Introducing a new backend keyword argument to the CrossEncoder initialization, allowing values of "torch" (default), "onnx", and "openvino". These require installing sentence-transformers with specific extras:

:::bash
pip install sentence-transformers[onnx-gpu]
# or ONNX for CPU only:
pip install sentence-transformers[onnx]
# or
pip install sentence-transformers[openvino]

It's as simple as:

:::python
from sentence_transformers import CrossEncoder

model = CrossEncoder("cross-encoder/ms-marco-MiniLM-L6-v2", backend="onnx")

query = "Which planet is known as the Red Planet?"
passages = [
   "Venus is often called Earth's twin because of its similar size and proximity.",
   "Mars, known for its reddish appearance, is often referred to as the Red Planet.",
   "Jupiter, the largest planet in our solar system, has a prominent red spot.",
   "Saturn, famous for its rings, is sometimes mistaken for the Red Planet."
]

scores = model.predict([(query, passage) for passage in passages])
print(scores)

If you specify a backend and your model repository or directory contains an ONNX/OpenVINO model file, it will automatically be used! And if your model repository or directory doesn't have one already, an ONNX/OpenVINO model will be automatically exported. Just remember to model.push_to_hub or model.save_pretrained into the same model repository or directory to avoid having to re-export the model every time.
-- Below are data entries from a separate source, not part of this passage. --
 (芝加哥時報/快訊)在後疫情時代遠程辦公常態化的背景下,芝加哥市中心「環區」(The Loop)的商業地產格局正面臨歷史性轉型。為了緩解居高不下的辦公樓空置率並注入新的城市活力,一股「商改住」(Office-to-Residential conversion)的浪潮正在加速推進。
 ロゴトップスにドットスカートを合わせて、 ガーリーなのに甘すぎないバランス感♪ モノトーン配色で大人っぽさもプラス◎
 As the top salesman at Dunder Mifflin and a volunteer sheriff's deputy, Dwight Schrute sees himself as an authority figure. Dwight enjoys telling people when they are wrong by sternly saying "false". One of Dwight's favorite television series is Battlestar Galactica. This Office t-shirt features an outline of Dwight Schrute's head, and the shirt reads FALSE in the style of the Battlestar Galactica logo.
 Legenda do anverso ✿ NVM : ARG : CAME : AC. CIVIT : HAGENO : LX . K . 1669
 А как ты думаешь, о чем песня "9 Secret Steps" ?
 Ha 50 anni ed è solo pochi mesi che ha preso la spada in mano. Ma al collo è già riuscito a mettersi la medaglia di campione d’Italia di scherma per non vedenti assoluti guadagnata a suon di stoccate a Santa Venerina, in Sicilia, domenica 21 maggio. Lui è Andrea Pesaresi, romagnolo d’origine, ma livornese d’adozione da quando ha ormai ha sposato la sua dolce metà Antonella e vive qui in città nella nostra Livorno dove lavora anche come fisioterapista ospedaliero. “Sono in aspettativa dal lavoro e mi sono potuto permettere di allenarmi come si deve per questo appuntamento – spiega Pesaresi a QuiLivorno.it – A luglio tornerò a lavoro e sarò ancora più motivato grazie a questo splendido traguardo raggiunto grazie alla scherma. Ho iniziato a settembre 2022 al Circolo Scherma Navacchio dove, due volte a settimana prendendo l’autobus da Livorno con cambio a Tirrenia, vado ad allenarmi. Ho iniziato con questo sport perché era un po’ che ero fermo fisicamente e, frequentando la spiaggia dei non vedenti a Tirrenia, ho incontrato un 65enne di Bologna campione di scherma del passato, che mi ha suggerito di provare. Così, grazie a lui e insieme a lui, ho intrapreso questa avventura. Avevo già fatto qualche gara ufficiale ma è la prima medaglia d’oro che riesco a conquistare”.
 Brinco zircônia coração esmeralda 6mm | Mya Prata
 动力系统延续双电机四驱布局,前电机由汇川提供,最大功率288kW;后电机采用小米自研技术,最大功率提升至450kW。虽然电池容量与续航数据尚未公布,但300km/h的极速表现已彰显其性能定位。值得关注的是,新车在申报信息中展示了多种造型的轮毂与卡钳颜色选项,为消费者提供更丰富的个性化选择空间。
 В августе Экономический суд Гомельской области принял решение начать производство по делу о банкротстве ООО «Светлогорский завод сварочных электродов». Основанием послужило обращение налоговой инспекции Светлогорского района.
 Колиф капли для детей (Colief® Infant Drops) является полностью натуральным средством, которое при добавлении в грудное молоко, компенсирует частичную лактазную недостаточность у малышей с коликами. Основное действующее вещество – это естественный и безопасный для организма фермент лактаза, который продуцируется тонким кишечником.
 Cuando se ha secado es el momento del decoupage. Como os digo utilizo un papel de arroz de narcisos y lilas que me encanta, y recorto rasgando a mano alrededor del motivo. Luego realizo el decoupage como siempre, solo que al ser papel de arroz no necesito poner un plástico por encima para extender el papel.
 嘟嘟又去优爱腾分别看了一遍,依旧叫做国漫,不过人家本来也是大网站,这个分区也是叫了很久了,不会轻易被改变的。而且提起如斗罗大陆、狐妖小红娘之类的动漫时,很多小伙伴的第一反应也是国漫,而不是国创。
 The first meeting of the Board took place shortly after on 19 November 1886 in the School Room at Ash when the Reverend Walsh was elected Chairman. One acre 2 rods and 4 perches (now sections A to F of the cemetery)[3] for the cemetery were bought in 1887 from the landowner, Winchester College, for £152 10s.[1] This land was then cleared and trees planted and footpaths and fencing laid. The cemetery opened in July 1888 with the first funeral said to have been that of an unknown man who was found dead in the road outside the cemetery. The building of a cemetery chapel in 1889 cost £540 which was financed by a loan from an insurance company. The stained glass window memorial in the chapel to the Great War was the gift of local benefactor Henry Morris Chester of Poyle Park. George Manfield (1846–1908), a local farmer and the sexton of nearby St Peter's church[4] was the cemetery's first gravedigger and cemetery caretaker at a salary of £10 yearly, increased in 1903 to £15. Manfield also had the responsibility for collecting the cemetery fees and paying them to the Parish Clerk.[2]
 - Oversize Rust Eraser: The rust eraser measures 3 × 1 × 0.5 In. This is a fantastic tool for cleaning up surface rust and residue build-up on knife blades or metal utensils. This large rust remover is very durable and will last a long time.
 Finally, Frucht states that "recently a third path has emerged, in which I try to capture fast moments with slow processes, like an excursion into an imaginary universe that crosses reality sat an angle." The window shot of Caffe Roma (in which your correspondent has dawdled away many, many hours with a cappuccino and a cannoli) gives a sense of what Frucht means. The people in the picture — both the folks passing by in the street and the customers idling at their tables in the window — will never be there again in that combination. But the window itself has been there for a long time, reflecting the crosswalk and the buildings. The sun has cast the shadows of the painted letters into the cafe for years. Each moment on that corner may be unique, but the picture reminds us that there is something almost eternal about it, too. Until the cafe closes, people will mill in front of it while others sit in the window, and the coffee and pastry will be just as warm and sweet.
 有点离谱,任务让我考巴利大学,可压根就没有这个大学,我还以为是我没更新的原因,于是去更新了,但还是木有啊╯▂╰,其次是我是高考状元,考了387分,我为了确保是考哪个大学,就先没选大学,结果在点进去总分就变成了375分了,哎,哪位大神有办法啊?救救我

All keyword arguments passed via model_kwargs will be passed on to ORTModelForSequenceClassification.from_pretrained or OVModelForSequenceClassification.from_pretrained. The most useful arguments are:

  • provider: (Only if backend="onnx") ONNX Runtime provider to use for loading the model, e.g. "CPUExecutionProvider" . See https://onnxruntime.ai/docs/execution-providers/ for possible providers. If not specified, the strongest provider (E.g. "CUDAExecutionProvider") will be used.
  • file_name: The name of the ONNX file to load. If not specified, will default to "model.onnx" or otherwise "onnx/model.onnx" for ONNX, and "openvino_model.xml" and "openvino/openvino_model.xml" for OpenVINO. This argument is useful for specifying optimized or quantized models.
  • export: A boolean flag specifying whether the model will be exported. If not provided, export will be set to True if the model repository or directory does not already contain an ONNX or OpenVINO model.

For example:

:::python
from sentence_transformers import SentenceTransformer

model = CrossEncoder(
    "cross-encoder/ms-marco-MiniLM-L6-v2",
    backend="onnx",
    model_kwargs={
        "file_name": "model_O3.onnx",
        "provider": "CPUExecutionProvider",
    }
)

query = "Which planet is known as the Red Planet?"
passages = [
   "Venus is often called Earth's twin because of its similar size and proximity.",
   "Mars, known for its reddish appearance, is often referred to as the Red Planet.",
   "Jupiter, the largest planet in our solar system, has a prominent red spot.",
   "Saturn, famous for its rings, is sometimes mistaken for the Red Planet."
]

scores = model.predict([(query, passage) for passage in passages])
print(scores)

Benchmarks

We ran benchmarks for CPU and GPU, averaging findings across 4 models of various sizes, 3 datasets, and numerous batch sizes. Here are the findings:

These findings resulted in these recommendations: image

For GPU, you can expect 1.88x speedup with fp16 at no cost, and for CPU you can expect ~3x speedup at no cost of accuracy in our evaluation. Your mileage with the accuracy hit for quantization may vary, but it seems to remain very small.

Read the Speeding up Inference documentation for more details.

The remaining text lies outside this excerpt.